Johanna Jainchill
As bad as 2020 was for, well, everyone, for Virgin Voyages, it was particularly disappointing.
Just as the new brand's first ship was supposed to be shown off to thousands of travel advisors and members of the press in March, Covid-19 reached pandemic status and the cruise industry shut down.
Like several ships built and delivered this year, the Scarlet Lady has yet to carry any passengers. Virgin sent the ship back to Italy, where it was built, and where it is moored outside of the port of Civitavecchia. Virgin last month suspended all sailings on the Scarlet Lady through May 8 and moved back the launch of its second ship, the Valiant Lady, from May until Nov. 14.
Tom McAlpin, CEO of Virgin Voyages, is nonetheless enthusiastic about 2021 and bullish about cruising.
"When we start showcasing the ship people will get really excited again," he said. "It's a beautiful ship, and the experience is really different and unique and very much adult focused. We need to beat our drums."
McAlpin is confident that the Scarlet Lady will sail as planned, on a May 9 itinerary to Mexico and Virgin's private destination in Bimini, the Bahamas. McAlpin said the line chose this date because it "was realistic." He didn't want to keep rolling it back month by month, which he said wasn't "doing our sailors or our crew any good" ("sailors" is Virgin-speak for "passengers," it also calls travel advisors "first mates").
"We wanted to pick something that we could feel confident that we can hit," he said. "That, combined with the new announcements on vaccines and that fact that they're actually out there gives me renewed confidence in those dates."
He explained that the Valiant's debut was pushed back as far as it was for several reasons. One is that the shipyard building the vessel, Fincantieri's Marghera yard, closed earlier this year because of the pandemic and is impacted again by Italy's recent shutdown. Beyond that, the Valiant was supposed to launch when the Scarlet Lady already had more than a year of sailings under its belt.
"Launching two ships within months of each other just doesn't work from an operations perspective and a market perspective," McAlpin said. "We always thought we'd have 15 months between ships. We want to be sure we have enough time to launch properly at the right time."
McAlpin believes the vaccine "is a game changer ... that there is light at the end of the tunnel, that we have a solution that works, and it's just a matter of time now. I'm anxious for the vaccines to get distributed as quickly as possible so we can get back to cruising and living life the way we all want to."
McAlpin is also excited about the cruise terminal being built at PortMiami for Virgin Voyages, which he toured earlier this month. He said it has "the best location" at the port: Its proximity to downtown Miami gives cruisers a city view and Miami residents a view of the ship.
Looking ahead, McAlpin said he hopes Biden will reopen Cuba, which had featured heavily on Virgin's initial itineraries before the Trump administration banned cruising to the island.

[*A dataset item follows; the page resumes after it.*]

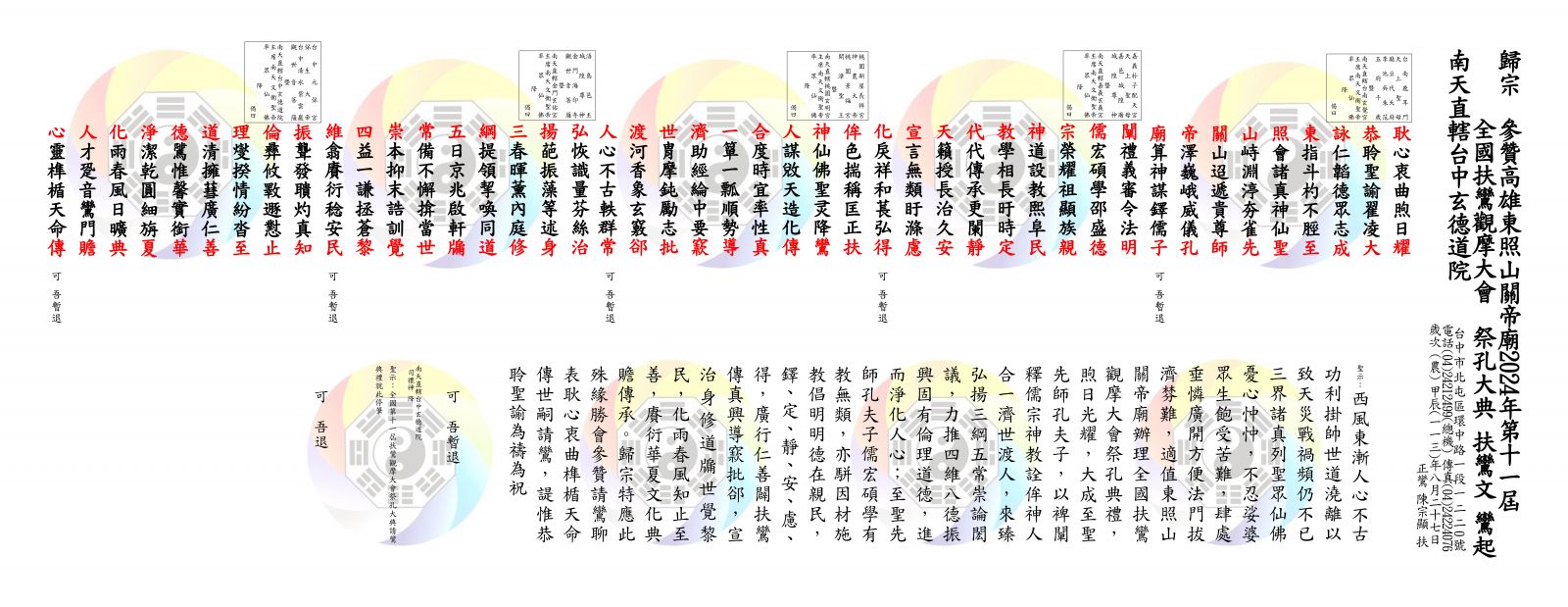 國曆113年9月29日(農曆甲辰年八月二十七日)於參贊高雄東照山關帝廟 2024第十一屆全國扶鸞觀摩大會暨祭孔大典 扶鸞典禮。

"Cuba is a place that people want to go see," he said. "I'm sure our president has a lot of other priorities right now, with the pandemic and opening businesses, but I'm hopeful that this rises high on his priority list. It would be great for the industry and great for the Cuban people. They really benefited from tourism, and that all shut down."
As far as McAlpin is concerned, 2020 "was a bad year, and we want to put 2020 behind us, but we're incredibly optimistic about the future. We believe in the industry, and the market for this ship is very strong. We need to get it out there people can see how fun it is and how different it is."